瞳も何もかもが漆黒の獣。瞳には一人の少女しか映っていません。



「鴉〜表に変なのが居るんだけど・・・心当たりないか?」
朝の水汲みを終え、朱が窓から外を覗く。
「ん?別にないよ」
鴉が鍋に野菜を加える。
「ウソつけっ!この島に俺以外狼はいないだろ」
朱が鴉に赤い実を放る。


「そういえば、3日位前に冬の森で死にかけの犬に気紛れで魔法掛けた」
鴉は赤い実を握りつぶして、鍋に入れる。
木の実から出る汁は、透明だが鴉の手に触れると赤く変色していく。
「で、懐かれたのか」
「さぁ?時々、周りをうろうろしてるけど」
鴉が棚から干し肉を出して、窓の外に放る。



風に運ばれて、干し肉は獣の前に落ちました。
獣は、ぺこりと頭を下げ肉を啄ばみます。



「しっかり餌付けしてんじゃねーか!」
「別にいいでしょ。
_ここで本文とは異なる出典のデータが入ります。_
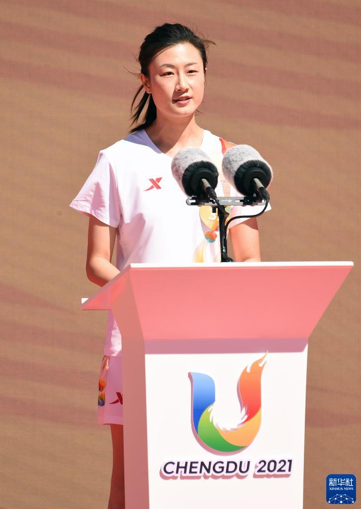6月10日,第一棒火炬手、成都体育学院学生、东京奥运会体操冠军邹敬园在火炬传递中。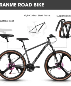Ambifirner 26 inch Adults City Bike Fat Tire Mountain Bike – Full Shimano 21 Speed – Dual Disc Brake – High-Carbon Steel Frame – Front Suspension for Kids Gift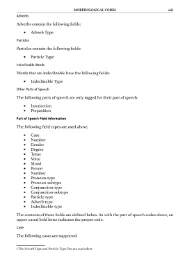 The contents of these fields are defined below. As with the part of speech codes above, an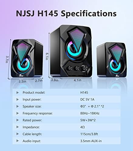 High-quality Audio Performance: NJSJ H145 desktop speaker features a 5W subwoofer and double 3W satellite speaker. Compared to other computer speakers, this speaker system delivers rich ,clear stereo sound, and the small subwoofer can providing a significant bass performance. Perfect for movies, videos, music and games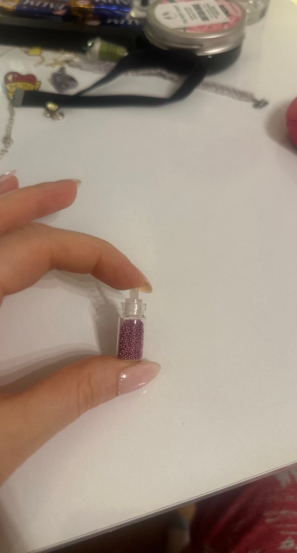 Parmak arasında tutulan küçük renkli mor tırnak süsleme boncukları. Tırnaklara canlı detay katmak için uygun.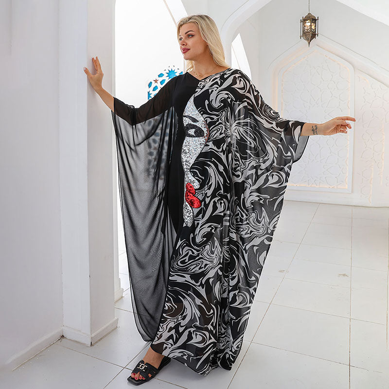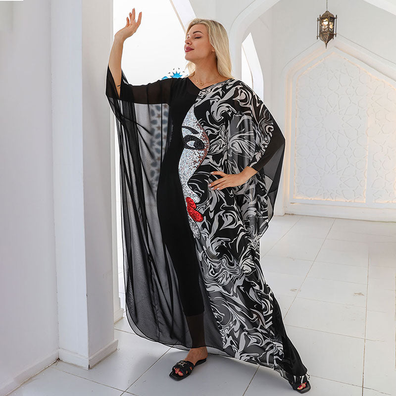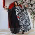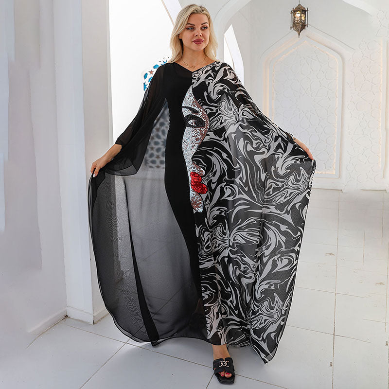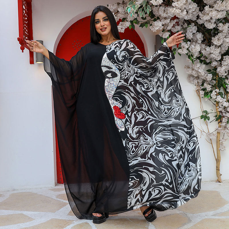 چلابية شيفون شفاف بدون بطانة بأبليك تطريز وجوه ترتر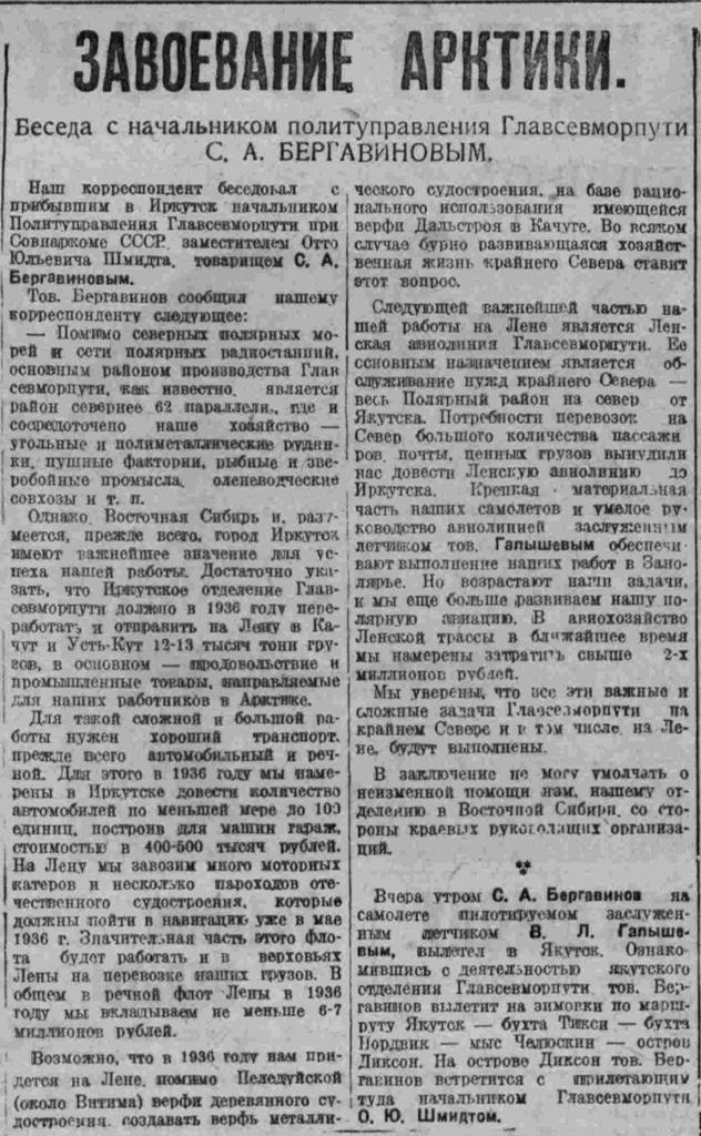 Вчера утром С. А. Бергавинов на самолете пилотируемом заслуженным летчиком В. Л. Галышевым, вылетел в Якутск. Ознакомившись с деятельностью якутского отделения Главсевморпути тов. Бергавинов вылетит на зимовки по маршруту Якутск — бухта Тикси — бухта Нордвик — мыс Челюскин — остров Диксон. На острове Диксон тов. Бергавинов встретится с прилетающим туда начальником Главсевморпути О. Ю. Шмидтом.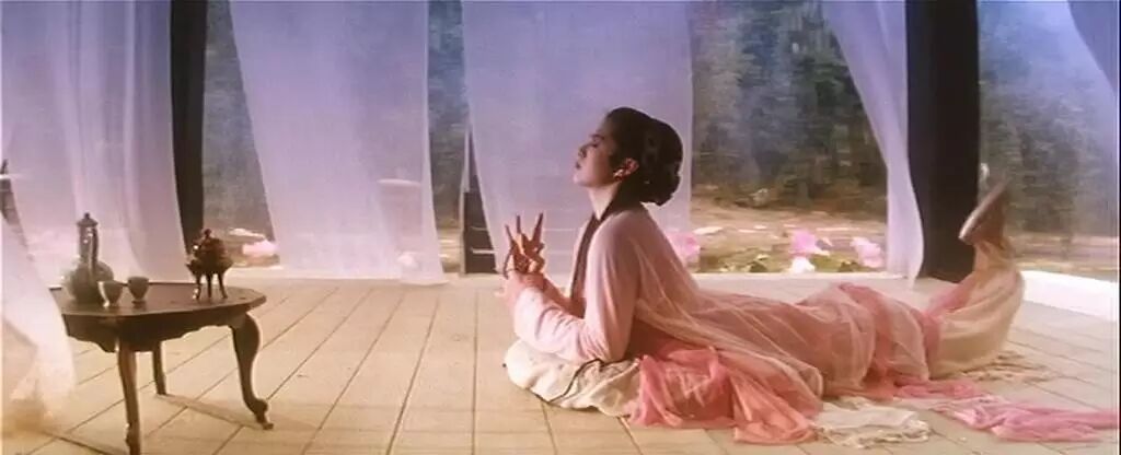 古筝开场,王祖贤轻嗅焚香的画面配陈淑桦悠悠嗓音:

支障はないんだから」
鴉が木の器に赤いドロドロした液体を盛り付けて、朱の前に差し出す。
「ったく鴉は、たまにやらかすんだよな」

 鴉は、植物や生き物をよく拾ってきます。

   暫く育てるとすぐに逃がす、その繰り返し

 その副産物とも言えるのが、この島の生態系
   
   鴉が、品種改良やらを度々行う為大分変わっています。